▶ **Task input**:
•••••

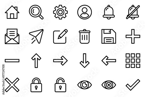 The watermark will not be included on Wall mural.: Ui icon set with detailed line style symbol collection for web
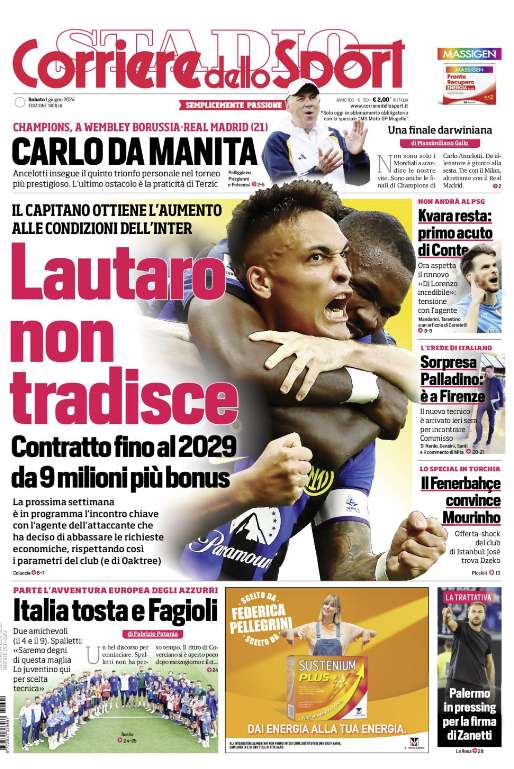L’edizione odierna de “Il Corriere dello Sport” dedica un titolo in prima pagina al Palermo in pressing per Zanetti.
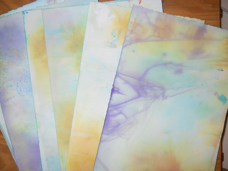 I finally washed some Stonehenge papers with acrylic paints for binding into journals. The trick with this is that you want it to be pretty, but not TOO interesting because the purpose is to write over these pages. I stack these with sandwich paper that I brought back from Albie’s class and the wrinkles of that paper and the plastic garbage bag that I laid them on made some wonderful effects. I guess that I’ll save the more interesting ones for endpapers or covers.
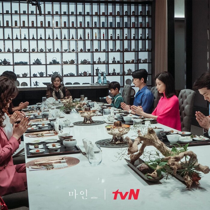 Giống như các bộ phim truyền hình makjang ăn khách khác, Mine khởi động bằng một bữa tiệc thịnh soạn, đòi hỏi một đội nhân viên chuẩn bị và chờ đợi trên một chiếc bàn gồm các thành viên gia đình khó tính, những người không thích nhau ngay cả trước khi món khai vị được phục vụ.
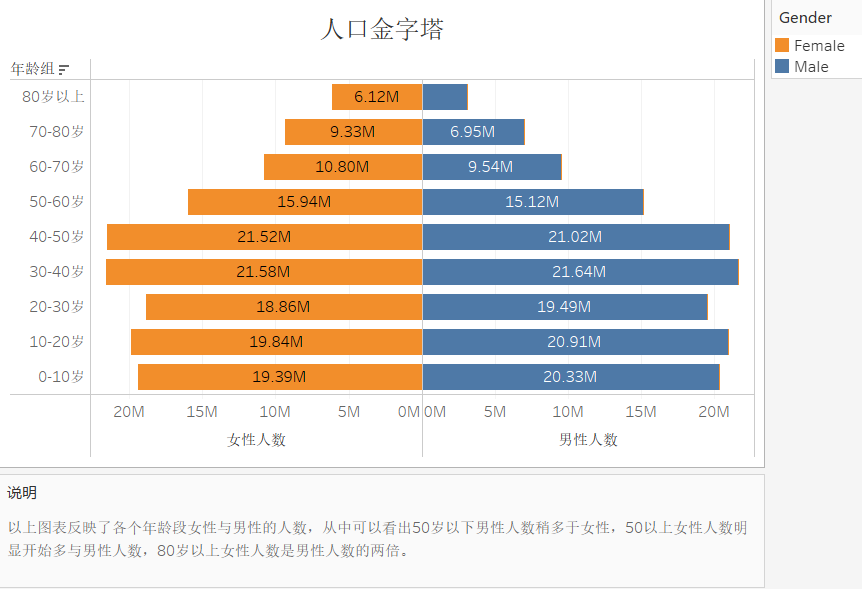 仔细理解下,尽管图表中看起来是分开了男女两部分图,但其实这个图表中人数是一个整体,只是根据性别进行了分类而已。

•••••

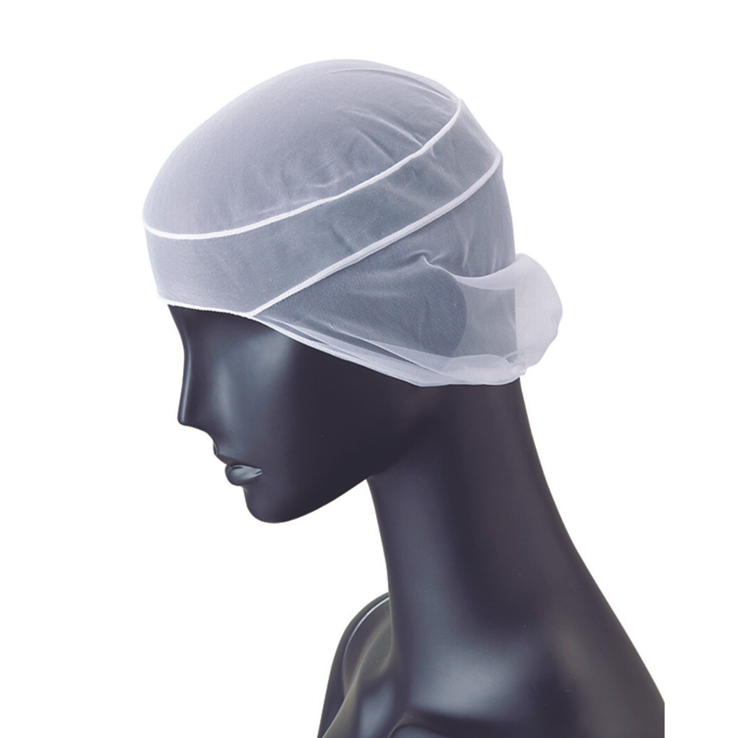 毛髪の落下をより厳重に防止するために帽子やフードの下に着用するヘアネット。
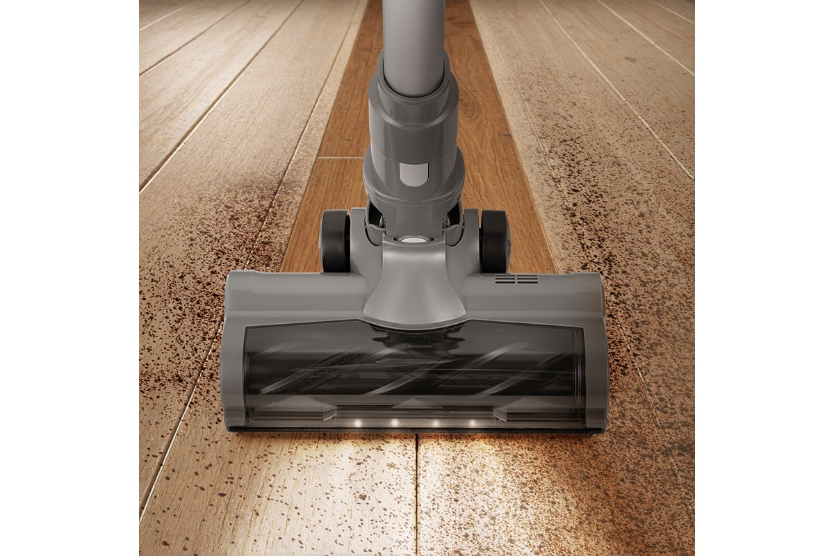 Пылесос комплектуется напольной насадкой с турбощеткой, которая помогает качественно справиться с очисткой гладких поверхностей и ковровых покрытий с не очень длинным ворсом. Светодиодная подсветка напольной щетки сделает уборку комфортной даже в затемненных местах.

•••••

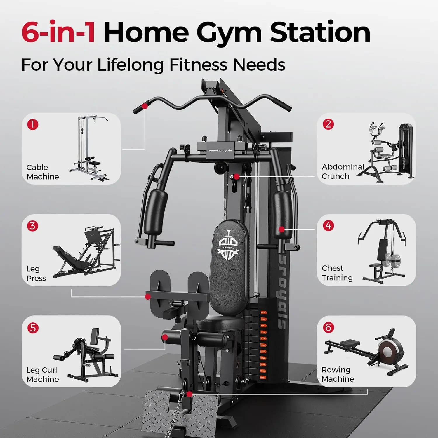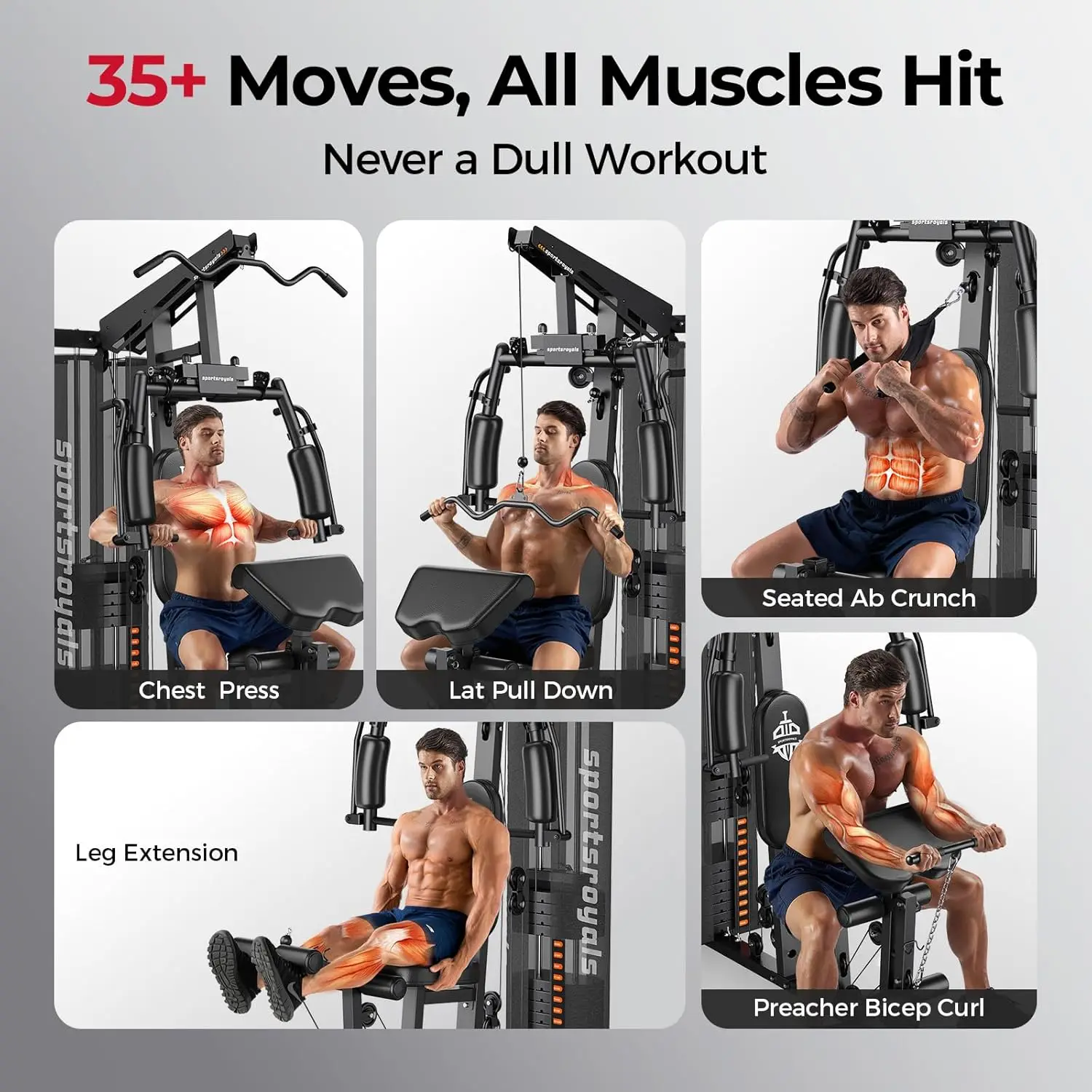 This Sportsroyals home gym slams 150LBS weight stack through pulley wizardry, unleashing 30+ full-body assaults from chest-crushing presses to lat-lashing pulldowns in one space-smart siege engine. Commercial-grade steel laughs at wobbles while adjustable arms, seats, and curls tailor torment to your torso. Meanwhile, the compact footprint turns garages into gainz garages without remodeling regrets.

•••••

▶ **Assignment**:
Skipping the pictures, print the lines in the listing above exactly as written, starting at the line with "The watermark will" and ending at the line with "仔细理解下,尽管图表中看起来", both included.

▶ **Reply to the exercise**:
 The watermark will not be included on Wall mural.: Ui icon set with detailed line style symbol collection for web
L’edizione odierna de “Il Corriere dello Sport” dedica un titolo in prima pagina al Palermo in pressing per Zanetti.
 I finally washed some Stonehenge papers with acrylic paints for binding into journals. The trick with this is that you want it to be pretty, but not TOO interesting because the purpose is to write over these pages. I stack these with sandwich paper that I brought back from Albie’s class and the wrinkles of that paper and the plastic garbage bag that I laid them on made some wonderful effects. I guess that I’ll save the more interesting ones for endpapers or covers.
 Giống như các bộ phim truyền hình makjang ăn khách khác, Mine khởi động bằng một bữa tiệc thịnh soạn, đòi hỏi một đội nhân viên chuẩn bị và chờ đợi trên một chiếc bàn gồm các thành viên gia đình khó tính, những người không thích nhau ngay cả trước khi món khai vị được phục vụ.
 仔细理解下,尽管图表中看起来是分开了男女两部分图,但其实这个图表中人数是一个整体,只是根据性别进行了分类而已。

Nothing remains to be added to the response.